Подошел хозяин заведения - или кто он там был, скопческого вида, с длинным, унылым лицом, мало похожий на трактирщика, почему-то в длинном пальто и черной шляпе.
Профессор насадил стекла на утиный нос.
"Я запрещаю издеваться над моим родным языком".
"Да успокойся ты, никто не издевается! Вот,- сказал официант, садясь на корточки,- не хотят платить". Он добыл из-под стола бумагу, протянул хозяину, тот взглянул на счет, потом на меня, Марию Федоровну и, наконец, на профессора.
"Я этого не говорил,- возразил профессор и повел носом, словно призывал окружающих быть свидетелями.- Но еще вопрос, за что платить!"
Я вынул кошелек, дядя величественным жестом отвел мою руку.
Хозяин кафе сказал:
"Я тебя знаю. И полиция тебя знает".
"Вполне возможно,- отвечал профессор.- Я человек известный".
"Вот именно,- возразил хозяин. По-видимому, он что-то соображал. Потом произнес с сильным акцентом: - Если ты, сука, немедленно не..."
"О,- сказал дядя,- что я слышу! Диалект отцов. Язык родных осин! Но тем лучше. Нам легче будет объясниться. Так вот. Пошел ты... знаешь куда?"
"Нет, не знаю",- сказал хозяин.
"К соленой маме! - взвизгнул профессор.- Можете звать полицию",- сказал он самодовольно.
В кафе зажглись огни, словно здесь готовилось тайное празднество, синеватый свет вспыхнул на бокалах, на украшениях женщин, бросил на лица лунный отблеск. Воцарилось молчание. Астральный нимб окружил чело оккультного профессора, а физиономия хозяина приняла трупный оттенок. Кельнер направился было к телефону, владелец заведения остановил его.
"Сами управимся".
И тотчас в зале появился, к моему немалому удивлению, персонаж, о котором уже упоминалось на этих страницах. Качая плечами, расставив ручищи, двинулся к нам.
Фраппирован был и мой друг профессор.
"Дёма! - проговорил он.- И тебе не стыдно?.. Позвольте, это мой человек. Он у меня работает".
"У нас тоже",- сказал кельнер.
Хозяин кафе не удостоил профессора ответом и лишь кивнул в нашу сторону. Человек-орангутан схватил профессора за шиворот.
"Дёма, что происходит? Ты меня не узнаешь?.. Имейте в виду, коллега известный журналист, он сделает этот случай достоянием общественности.

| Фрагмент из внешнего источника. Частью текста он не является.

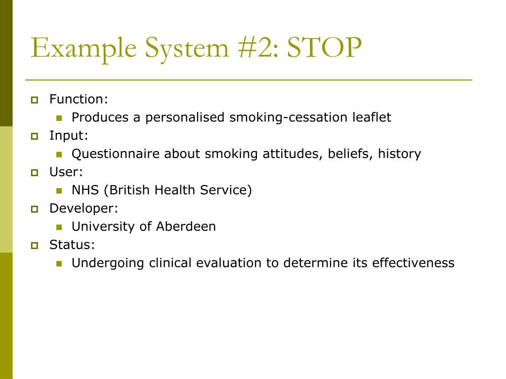 Example System #2: STOP • Function: • Produces a personalised smoking-cessation leaflet • Input: • Questionnaire about smoking attitudes, beliefs, history • User: • NHS (British Health Service) • Developer: • University of Aberdeen • Status: • Undergoing clinical evaluation to determine its effectiveness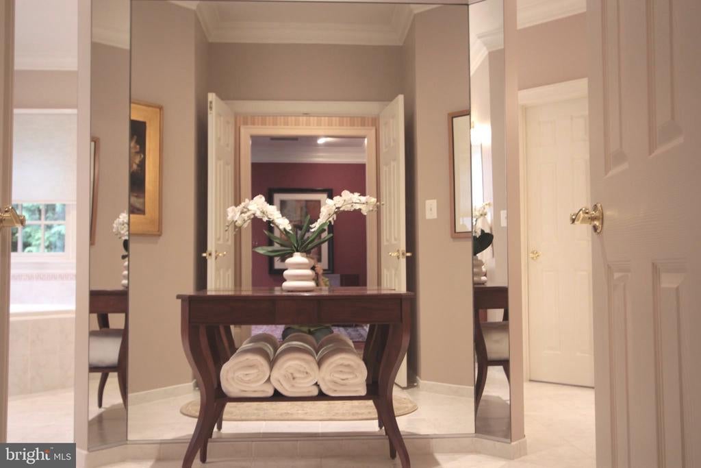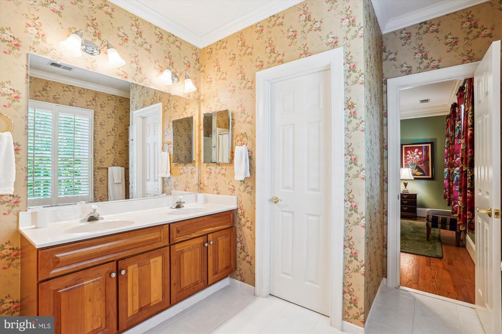 Prepare to be amazed… A HOME OF DISTINCTION... Quality in the details. Craftmark Rosewell model with custom features throughout, in the cloistered community of Williamsburg Commons. This is a private enclave where you can enjoy an exquisite life & a unique sense of belonging. Hard to believe you’re just a short walk to the Vienna Metro. This elite gated community is a well-kept secret: 38 homes are thoughtfully sited around a colonial-style green, encouraging a sense of community. Each home is unique and curated to perfection. … Enjoy the freedom to turn the key and leave on vacation, confident in the security of your home, nestled in this elegant leafy gated retreat. A sense of tradition envelopes you as you pass through the transomed front door with sidelights into a welcoming Foyer. With exquisite architectural details, this home exudes quality and attention to detail. Deep Crown molding and gleaming hardwood flooring span 2 levels. A columned Living Room overlooks the green and is open to the formal Dining Room where a 2-tiered chandelier will cast a warm glow on your dinner parties, while art spotlights throughout the home will showcase your collection. The gourmet kitchen will impress the most discerning chef with an abundance of cherry cabinetry, the granite countertop providing seemingly endless prep space, & the copper backsplash creating a stunning ambiance. The pantry is outfitted with an organizing system and easily holds all the ingredients for your next dinner party. The Kitchen is well-appointed with high-end SS appliances... a Viking 6 burner Gas range with grill and range hood and a Sub Zero built-in refrigerator. A wine cooler stores a selection of wines from your lower level wine cellar (about 2,200 bottles!). The Family Room is stunning, presenting a gas fireplace with a handsome mahogany surround. Art spotlights showcase your favorite pieces. A main level Study offers a quiet spot to look out over the green to catch up on some work. An elegant Powder Room completes the main level. Two staircases ascend to the upper level, one from the foyer & a private staircase from the Family Room. The upper level offers crown molding & hardwood flooring. The spacious landing is an ideal reading nook or gallery space. An enormous Primary Suite with Sitting Room, Dressing Room & 3 walk-in closets with organizers creates a private retreat. The Primary Bath is spa-inspired & exudes quiet luxury, offering a boutique-style triple mirrored entry, walk-in shower, soaking tub, 2 cherry vanities and a private water closet. There are 3 spacious ancillary Bedrooms (2 with walk-in closets). One enjoys a private Bath and 2 share a Jack 'n Jill Bath. The windowed Laundry Room rounds out the upper level. The expansive lower level offers a large Rec Room, Game Room, Den/Guest Room with walk-in closet (with organizer), attached Full Bath and (the piece de resistance!) Wine Cellar. Enter the Wine cellar through a stunning winery-style wood door to walls of redwood racking for approximately 2,200 bottles. A central tasting table with even more redwood racking is adorned with a granite top. The room is cooled so your wine is properly stored to age so you can grab the perfect bottle for every occasion. There is more than ample storage space reserved and plenty of shelving for all your seasonal items. Outdoors you’ll find perennial gardens, a brick Patio & a community green lined with trees, garden beds & charming garden benches. The community also enjoys a pool & pool house. The cloistered community of Williamsburg Commons, a private enclave where you can curate life on a higher plain. Hard to believe you're just a short walk from the Vienna Metro, Tysons & easy commute to DC and Dulles International Airport. Oakton High School. Live life as it was meant to be enjoyed!

Он вас разорит!" - кричал профессор.
Никто не обратил на нас внимания.
"Кстати, чуть не забыл...- пробормотал профессор, счищая грязь с брюк. Шел дождь, и он поскользнулся, вылетая из подвальчика.- Ты лицензию получил? Я освобождаю тебя от налога. А с этой образиной мы еще разберемся".
VI
Вопреки предположению моего друга и покровителя я не только не пишу романов, но даже и не питаю интереса к этому роду искусства, во всяком случае, к изделиям нынешних романистов. И уж тем более к тому, что пишется в России. Может быть, я согласился бы кое-что прочитать, если бы мне за это заплатили. Но я хочу сказать о другом. Революция нравов лишила литературу ее наследственных владений. Ушли в прошлое многостраничные повествования о чувствах, истории встреч, надежд, неуверенности, узнавания, сближения - всё то, что должно было понемногу разжечь любопытство читателя - вплоть до решающей минуты, когда дверь спальни захлопывалась перед его носом. Спрашиваешь себя, оттого ли у современных писателей всё совершается так скоропалительно, что упростились современные нравы,- или нравы упростились оттого, что литературу перестали интересовать околичности, не имеющие отношения к "делу"?